Story Ideas
Jude Wanniski
June 10, 1997

 

Memo To: R.W. Apple, Jr. The New York Times
From: Jude Wanniski
Re: Story Ideas

On May 24th, the NYTimes reported that you have been named Chief Correspondent, a title I already assumed you held de facto. My congratulations to you and to the editors of the Times for giving you this honor and this opportunity. You should now have sufficient standing to do anything you want to do, without worrying as the beat reporters or the columnists do about turf violations or alienation of beat sources. My hope and my recommendation is that you climb as high as you can for perspectives on where our country is today and where we think it might be a generation from now. We have journalists peering as deeply as they can into the next week or the next month, or even hoping to see how considerations of Politics 2000 will effect events next week or next month. Without longer sightlines on a New World Order, I tend to think there is a great deal of wheel-spinning in our public policymaking. There is no architecture in sight or even discussions on the need for architectural designs which we could argue about. It is all ad hoc, as for example Gephardt positioning himself to the left of Gore on MFN and NAFTA, with no serious discussion on where it all might lead or where it should lead. It was nice to see a little piece by Nicholas Kristof on why we shouldn't give up on Africa, but without any imperatives to an American imperium, there will be no traction on Africa.
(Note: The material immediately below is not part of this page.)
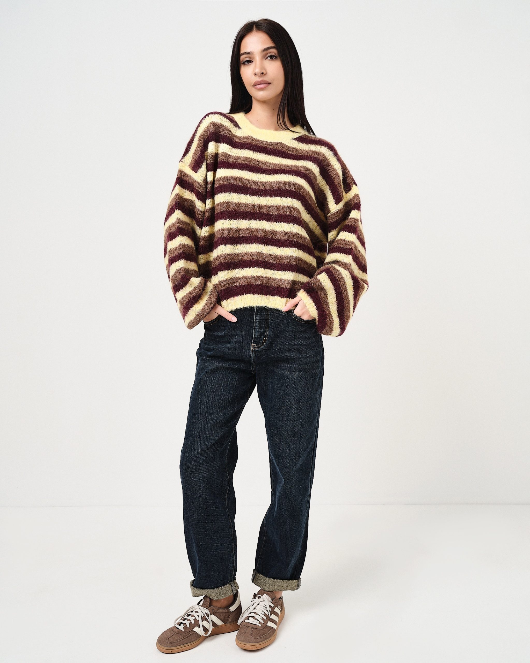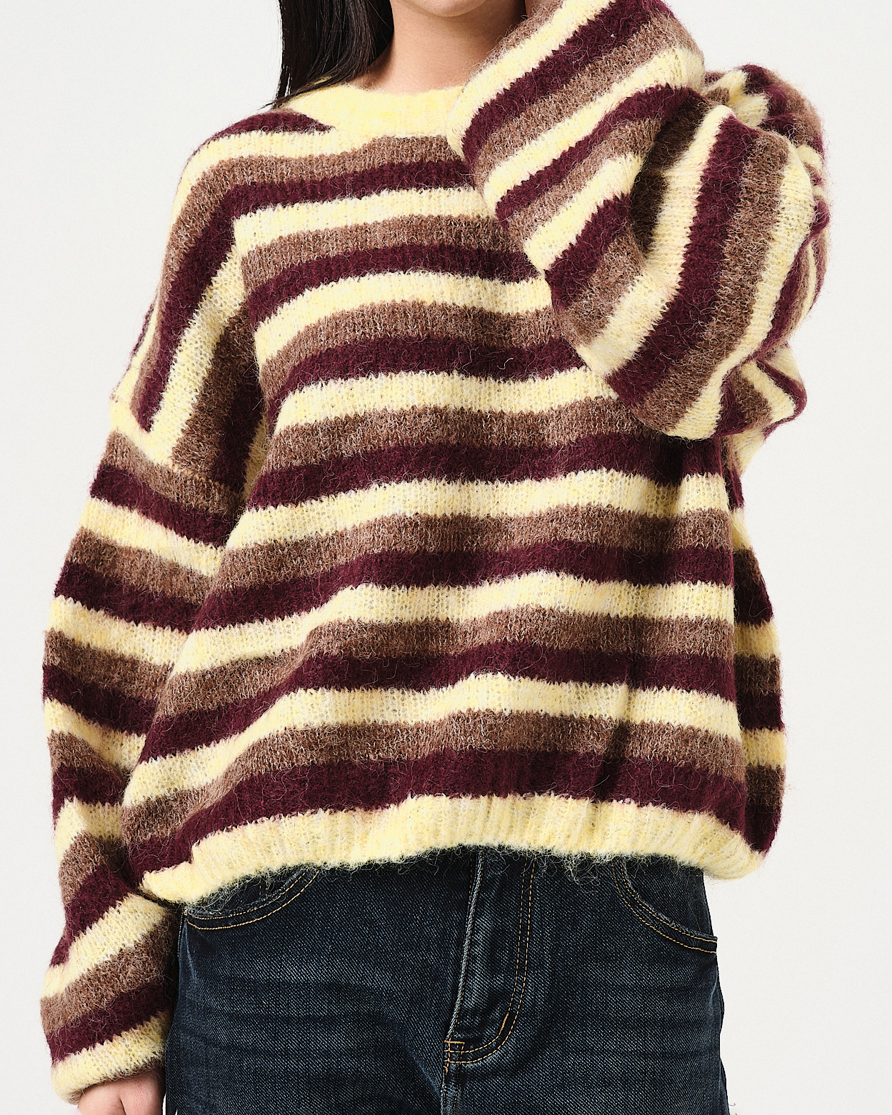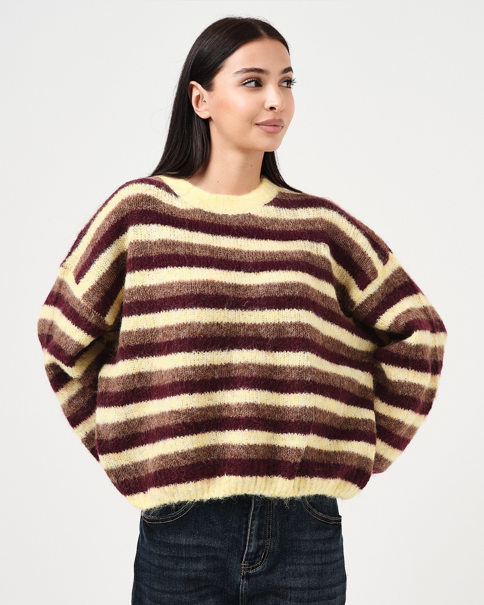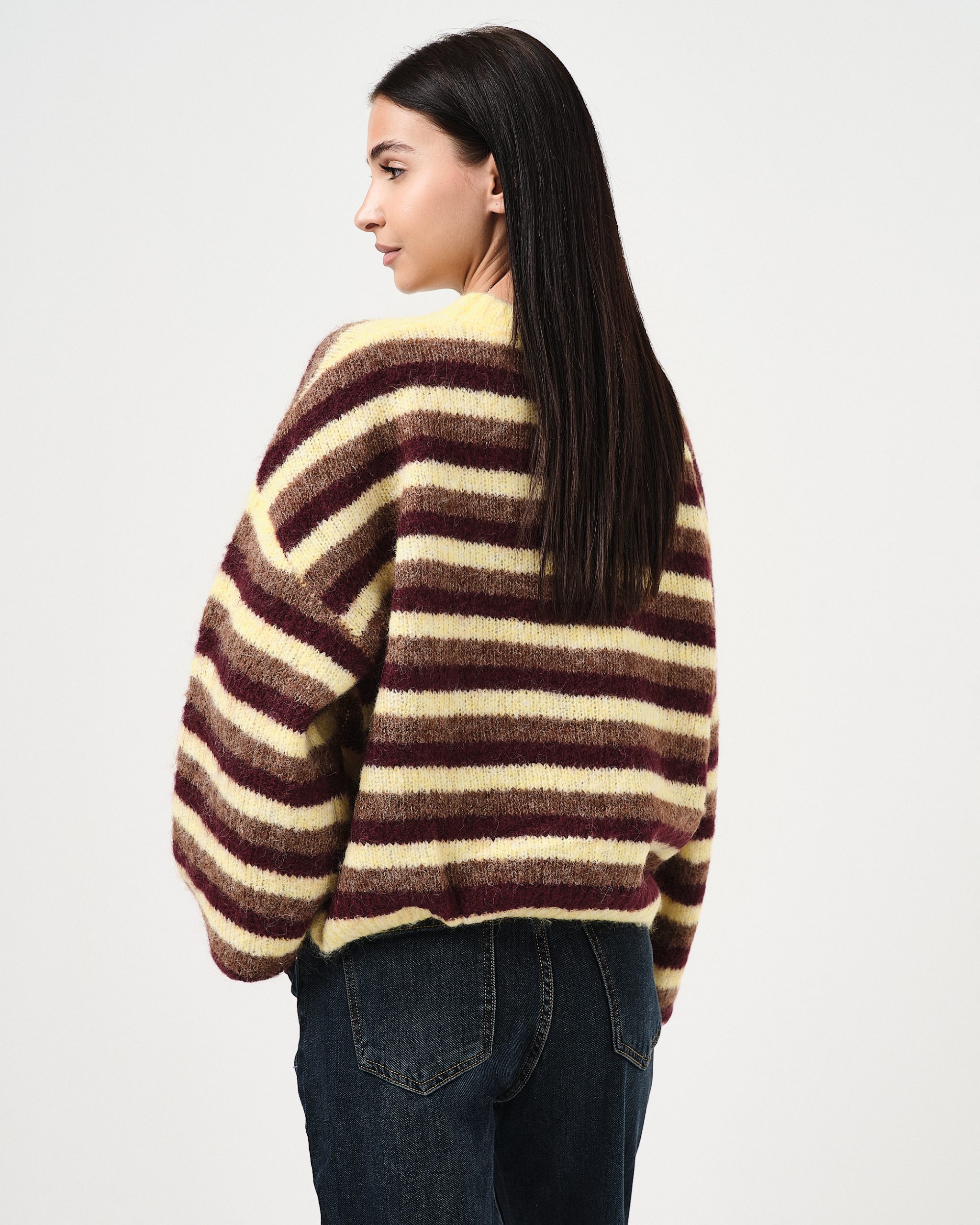 Pullover oversize in misto lana a righe con manica a palloncino.

At home, there has been no attempt at the Times, or anywhere else, to get our society in focus as we drift into a new millennium and its new world order. Pat Buchanan and Ross Perot and Louis Farrakhan reflect the anxieties of those fractions of our society who are not brave enough to face this brave new world. Instead of dismissing them as belly-achers and anti-Semites, they should be understood as representing concerns that are not being addressed. What doth it profit Bill Gates if he gains the world but loses the soul of America? I'm afraid we are outrunning our supply lines in this global conquest, happy enough to make sufficient megabucks to build more prisons to take care of the malcontents being left behind. In his Monday column, "Breaking China," Tom Friedman is frustrated at the strange coalition that is hellbent on going to war with China over human rights, to get our minds off our human problems at home. He thinks American businessmen have to shoulder the burden of beating up Beijing to get them to be better people, and well, okay. But businessmen are really not good for much else than doing business, except for the occasional citizen/diplomat like Perot. All that Beltway energy being assembled to provoke China into mindless adversarial relationship has to be redirected, and maybe the Chief Correspondent of the Times can suggest some roadmaps.

Does it ever cause you to wonder why the issue of capital gains taxation is so contentious? Or have you figured it out? Do you know why Alan Greenspan says its elimination will cause so much growth that federal revenues will increase, and why Bob Rubin says it will cause no economic growth, and revenues will diminish? It's not easy for the Treasury correspondent or the Fed correspondent to get their arms around this, even if they are as good as David Sanger or Rick Stevenson. The answer, though, is central to the path we take toward one kind of capitalism, or the other. Maybe the Chief Correspondent for the NYT will become interested in knowing for sure what this is all about. I hope so.